Airbnb Stays Declared Illegal In New York City
Airbnb, the popular online community marketplace that allows you to rent out your home to travelers, has been ruled illegal in New York City by an administrative law judge despite efforts from the web service to persuade the city not to do so. PayScale investigates why this happened to one of the Internet’s biggest recent success stories and what it means for business travelers.

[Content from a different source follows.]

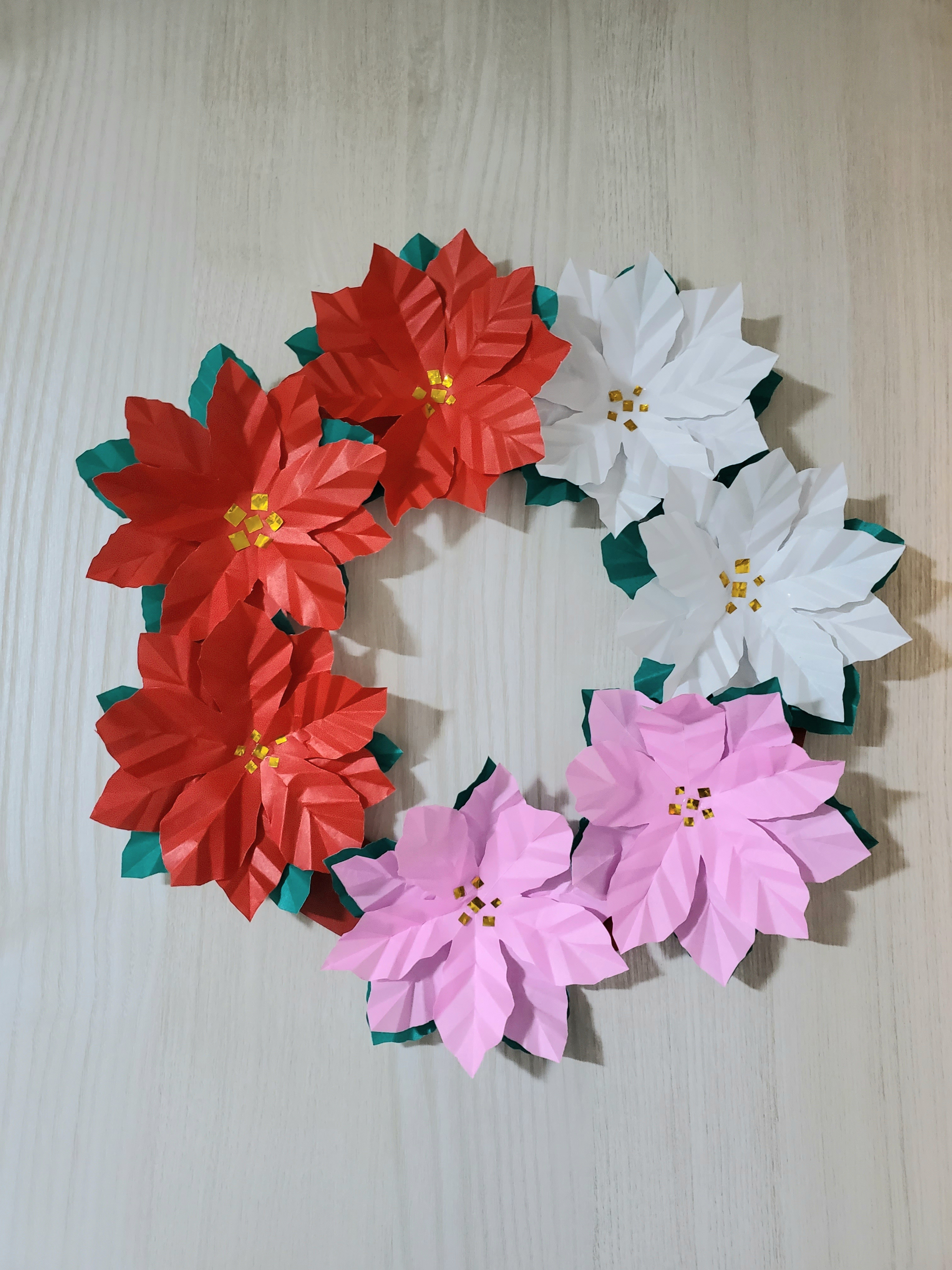 トップ > なんでも写真館 > 日々の写真 > 赤、ピンク、白 SKY 2024/12/07 12:49 赤、ピンク、白 クリスマスが近くなると 鉢植えで売ってるポインセチア それを折り紙でリースにしてみた。 15cm角折り紙を10cm角にカットして A4サイズの赤のカラーボール紙を ドーナツ型にカットした台紙に 手芸用ボンドでペタペタ。 真ん中のゴールドは金色の折り紙を 幅4㎜にカットしたのを正方形に チョキチョキしたのを貼りました。 サイズが半端に残った折り紙は勿体ないから 捨てずに取って置いてまた何かに使います。 いいね 共有する 共有する X facebook LINE リンクをコピー コメントする 3 件の返信 (新着順) ミュートしたユーザーの投稿です。 投稿を表示 ジーコ 2024/12/07 19:33 素晴らしい作品だけでなく残りのオリガミの活用、次が楽しみです いいね 返信する ミュートしたユーザーの投稿です。 投稿を表示 オブリ 2024/12/07 18:23 SKYさん ポインセチアを折り紙で 再現するとは… ポインセ…ポイントが高い!です。 いいね 返信する ミュートしたユーザーの投稿です。 投稿を表示 matusko 2024/12/07 13:58 折り紙で作るいろんなお花、いつも本当にお見事ですね✨ 次はどんな作品かといつも楽しみにしています。 いいね 返信する ミュートしたユーザーの投稿です。 投稿を表示 SKY 2024/12/07 16:30 matusko 嬉しいコメントありがとうございます😊 とっても励みになります、次はどんなの作ろうかな。 いいね 返信する

It’s All About the Illegal Hotel Law
Originally, the illegal hotel law was enacted to prevent New York City landlords from renting out their residential properties as hotels for less than 29 days. But according to New York City lawmakers, this law is being violated by New York City residents who use Airbnb to save individuals and companies money on travel costs — and pocket some extra cash themselves. Offering business travelers places to stay as low as $50 a night, and a sense of “homeyness” while on the road, Airbnb seems like an easy win-win for everyone who uses it. But it poses a big threat to the hotel industry, especially in bustling metropolises like New York, which are known for spendy lodging options.
What This Means for Airbnb Hosts and Corporate Travelers
The good news is that this decision doesn’t necessarily mean that every single New York City Airbnb host will be caught violating the law — it’s enforced only if a complaint is filed. There are over 1,000 New York City listings on Airbnb right now. Residents and travelers alike can still take their chances and continue using the service, but it would be much smarter for larger corporations to stay out of the news headlines completely by heading to hotels instead during business trips to New York City. As for individuals thinking of renting out their couch, apartment or guest room, hope that you don’t end up like East Village resident Nigel Warren, who was slapped with a $2,400 fine.
In the meantime, if you are making business travel plans on a tight budget use Airbnb at your own risk, at least until they successfully get around to lobbying the decision. Or consider following another trend popular among start-ups and offer to stay with friends to save your company money. Your sacrifice may just win you some much-needed bonus points with your boss.